Святое озеро все очистилось ото льда. Грузовики-пароходы еще до 1 мая подошли к Соловкам. Позавчера наше СМИ забастовали. Это первая забастовка на Соловках. Уже второй месяц зарплату нам почти не давали. В Новый год управляющий трестом уломал нас работать «по-новому». Но ничего не получилось, никакого хозрасчета. Бюрократическую галочку о переходе на новую форму работы послали наверх, а работягам выдали фигу. Перестройка скрипит. Человек 150 членов ЦК КПСС добровольно подали в отставку. Удивительное время.
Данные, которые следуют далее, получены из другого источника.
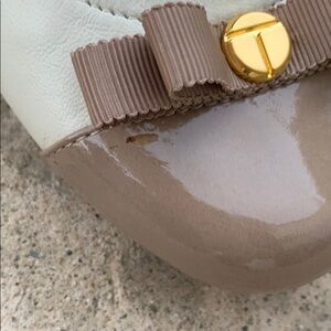Tahari Two Tan & Beige Cap Toe Ballet Flats with Bow Detail.

Ворчу, ворчу. Сегодня праздник. День Военно-морского флота. Праздник без рюмашки винца! Анекдот. Власть советская, соловецкая! Перегибщики. Сволочи. С утра настроение пакостное. Юнгу знакомого ждал, не приехал. Завтра — день рождения. Настроение будет еще пакостнее. А погода хорошая. Туристы из-за жары ходят почти голыми по нашей «Красной площади». Немного шокирует — все-таки центр района Соловков. Но я за них рад. Пущай отдыхают, я и сам почти каждый год бываю туристом. И иногда эти туристические поездки звучат потом во мне музыкой целый год до следующего отпуска.

У нас в Союзе как на толкучке: шум, гвалт. Обсерают наше прошлое и настоящее. Будущее призрачно. Все говорят о перестройке, но реально ничего не делают. На Соловках все это наглядно видно. Вообще перестали работать. Только кричат: «Дай, дай!» Горбачев перестройкой пытался раскачать страну, но реально ничто никуда не движется. Старое глубоко корнями ушло в нас, и держится мертвой хваткой.
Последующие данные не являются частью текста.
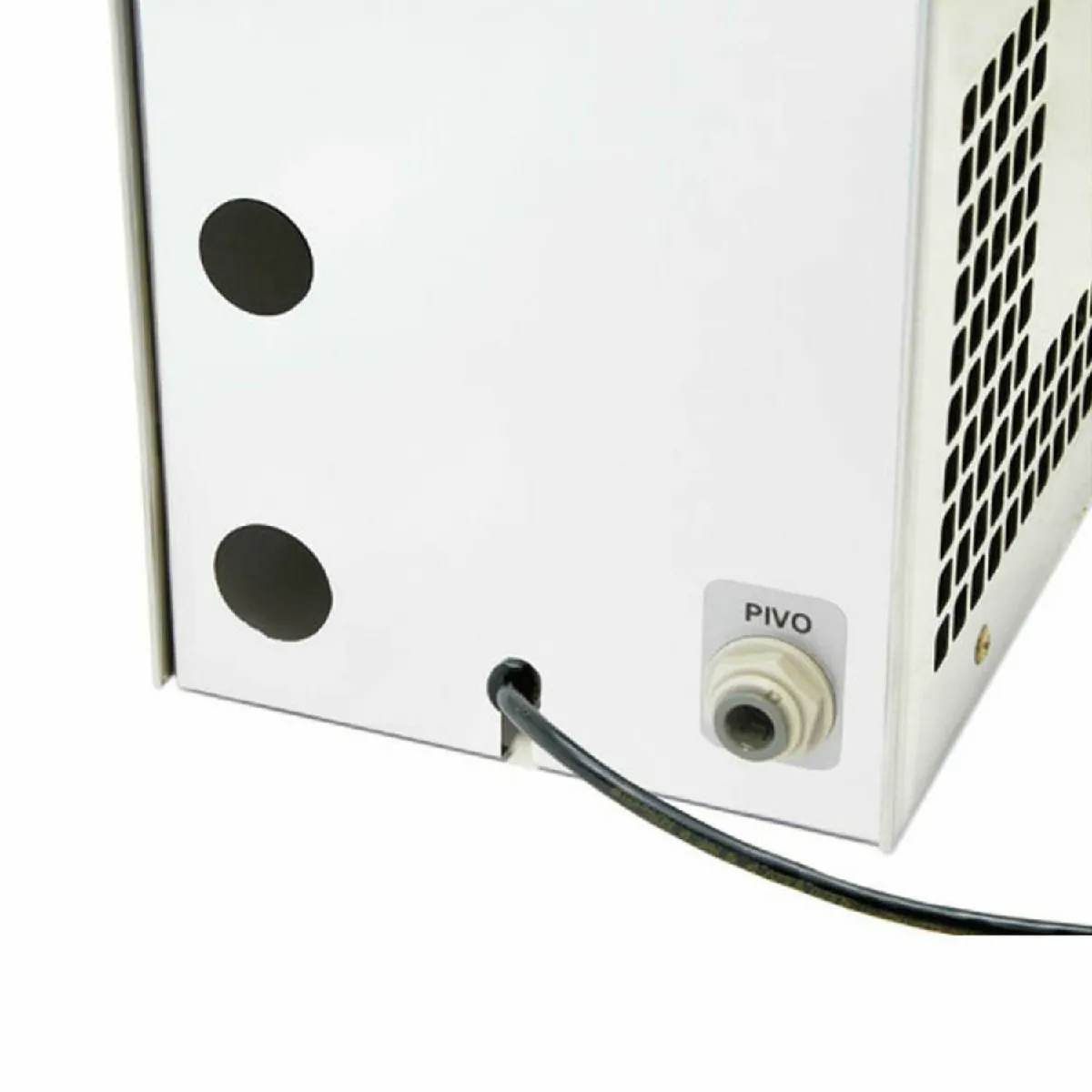 Le nouveau modèle intègre un compresseur amélioré pour une performance accrue. L'ensemble sous comptoir reste compact avec des dimensions de 170 × 280 × 325 mm et un poids de 14.5 kg, convenant aux bars mobiles et espaces réduits. Le bac d'égouttage en acier inoxydable maintient le plan de travail propre. L'alimentation 230 V / 50 Hz (267 W, 1,16 A) convient aux installations classiques. Les connexions rapides John Guest simplifient les changements de ligne et le nettoyage périodique, tandis que l'adaptateur de nettoyage 30 mm facilite l'entretien courant pour préserver la qualité de tirage.

32 градуса мороза. Уже не первый день пламенеет небо, аж страшно-жутко смотреть в сторону моря, когда закатывается солнце. Только при плавке металла видел я такие цвета. Кажется, что от Кеми остался один пшик. Вспоминается старая песня «Шумел-горел пожар Московский…»
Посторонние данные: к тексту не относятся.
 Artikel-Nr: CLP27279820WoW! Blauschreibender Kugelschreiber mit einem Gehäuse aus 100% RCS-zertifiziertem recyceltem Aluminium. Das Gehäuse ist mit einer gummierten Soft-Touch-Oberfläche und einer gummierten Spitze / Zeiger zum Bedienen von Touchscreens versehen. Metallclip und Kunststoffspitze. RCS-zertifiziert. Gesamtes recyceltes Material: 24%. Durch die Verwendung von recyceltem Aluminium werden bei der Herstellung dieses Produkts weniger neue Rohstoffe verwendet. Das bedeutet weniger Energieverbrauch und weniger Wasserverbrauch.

Сегодня избрали первого президента СССР Горбачева. Литва заявила о своем выходе из СССР. Страна начала разваливаться.

Смотрел сейчас современные ансамбли рока и прочих в куче, и одиноких певцов. Бьются в конвульсиях словно эпилептики, глаза из орбит вылезают, голосовые связки вот-вот лопнут. Сходят с ума от безделья.

Во время войны у нас в детдоме собрали четырех самых голосистых певцов и соединили в ансамбль. Они старались перекричать друг друга. Но это были деревенские ребята. А теперь образованные вроде бы люди выдают себя за певцов, а петь не научились. Кричат, как перед концом света.

Сегодня на Соловках был первый колокольный звон после закрытия монастыря. Это у меня дома звонили отреставрированные ко дню рождения трофейные «Фриц-часы».

Похоже, друг мой, что ты стареешь. Бывало, пешком обходил все города — Ростов-на-Дону, Грозный, Ленинград. Сутками был на ногах и не уставал. А теперь час походил, и ноги гудят. Да и сам я гужу. Но еще живой. И то хорошо.

Ночь морозная. Читаю «Литературку». Даниил Гранин «О милосердии». Шел старик по улице, поскользнулся, упал, зашибся. Никто так и не помог. Вспоминается Архангельск. Привокзалье. Гололед. Вижу: старенькая женщина. Подошел, взял под руку. Перевел через улицу. Она прошелестела тихим голосом: «В первый раз в жизни меня мужчина под руку взял!» Сухонькая, маленькая. Так и стоит перед глазами. Иной раз человеку очень мало нужно. Немного внимания, милосердия.

Надо жить по правилу «не делай того ближнему, чего себе не желаешь». Во все века люди знали эту истину, но никак не могли себя заставить ее выполнять. Но надо без оглядки на века каждому начать так жить прямо сегодня, сейчас.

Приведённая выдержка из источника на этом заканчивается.